Thursday, Apr. 05, 2012 - 1:38 p.m.

Love it when my mom gives me parenting advice.

They were playing some game on the couch and Q finally bonked herself good. This was right when our lunch was finally ready; I was hungry, and I know Q had to have been hungry, too. Anyway, she cries for a while, not accepting hugs (as is her habit when she's hurt herself), refuses offers of food, and then leads me to the bedroom for a snuggle-- all while crying. So I go, complaining a little that it was time for lunch and telling mom (rather irritably, because hey, I was hungry) that she should go ahead.

Mom says, No, come on, sit down out here! I'm like, "Well, but she wants to go back to her room." And so mom says, "Yes, but you don't have to DO it. You're BIGGER than her."


To which I said, "Oh, is that what we want to teach her? I thought I was trying to COMFORT her. I think she knows better than I do how she would like to be comforted."

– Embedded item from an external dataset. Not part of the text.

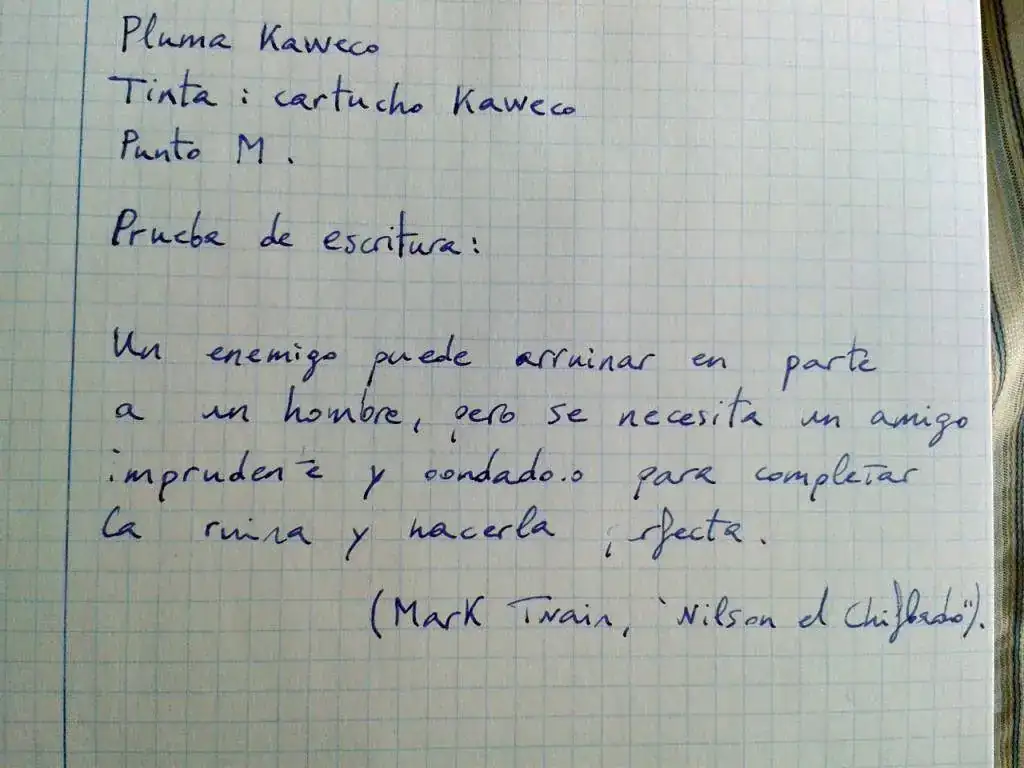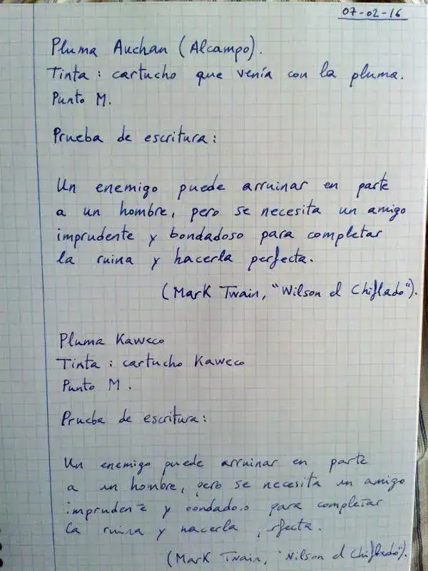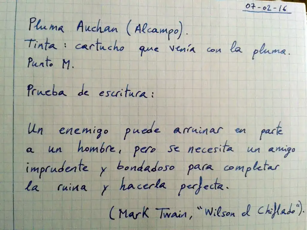 No hace mucho me compré una Kaweco Sport y como vi por aquí y un amigo también me comentó que hay plumas baratillas, de hipermercado, que no tienen ni nombre, y que sin embargo dan buenos resultados, me compré también una pluma de Alcampo que me costó entre 4,5 y 5 € (no recuerdo exactamente). Ahora mismo es la que llevo al trabajo porque es cómoda para llevar en un bolsillo, el capuchón cierra con consistencia y posteada permite un manejo cómodo. Para escribir una breve nota tampoco resulta incómoda sin postear pero ésto ya depende de la mano de cada uno. La estoy llevando al trabajo porque en la oficina no tengo ocasión de escribir a mano casi nada, todo va por ordenador y esas cosas, y estar desenroscando y enroscando la Kaweco para escribir 4 números o un par de palabras cada hora pues no me gusta. Además, si ésta desapareciera por algún motivo es barata de reponer.

Anyway, yeah. Just a little incident, but shows you our different parenting styles. Yes, I am willing to use my size to my advantage when it comes to stuff like keeping her from running into traffic, or when we really have to hurry and we don't have time to be as leisurely as usual. But I don't use it simply for my own convenience. That's just rude. I also comply with a lot of her requests if I can, even when they are not convenient for me. After all, I ask her to comply with my requests all the time. Just seems fair. Mutual respect. Something that was always missing from my relationship with my mother. And while I'm complaining about mothers, mil sent two boxes of Easter swag for Q. One box was mostly the personalized basket she had had made (not that we needed or wanted it). The other box contained another giant pile of dresses that I mostly don't like, and more Easter presents (some candy which I will assume is mostly for J and I, because you know, we can't get candy here in Tucson. (Ok, that was uncalled for. Still and all.)). The basket itself had come filled with two stuffed animals-- basically there's no way in hell I can get all this crap into the basket she sent, much less anything I might have purchased/made for it myself. (Am I allowed to do that? Since I seem to be so regularly preempted.) WTF? When I was a kid I got one Easter basket. What the hell are we supposed to do with all this crap? Anyway, that was your crabby ungrateful linguafranca moment for the day. You're welcome.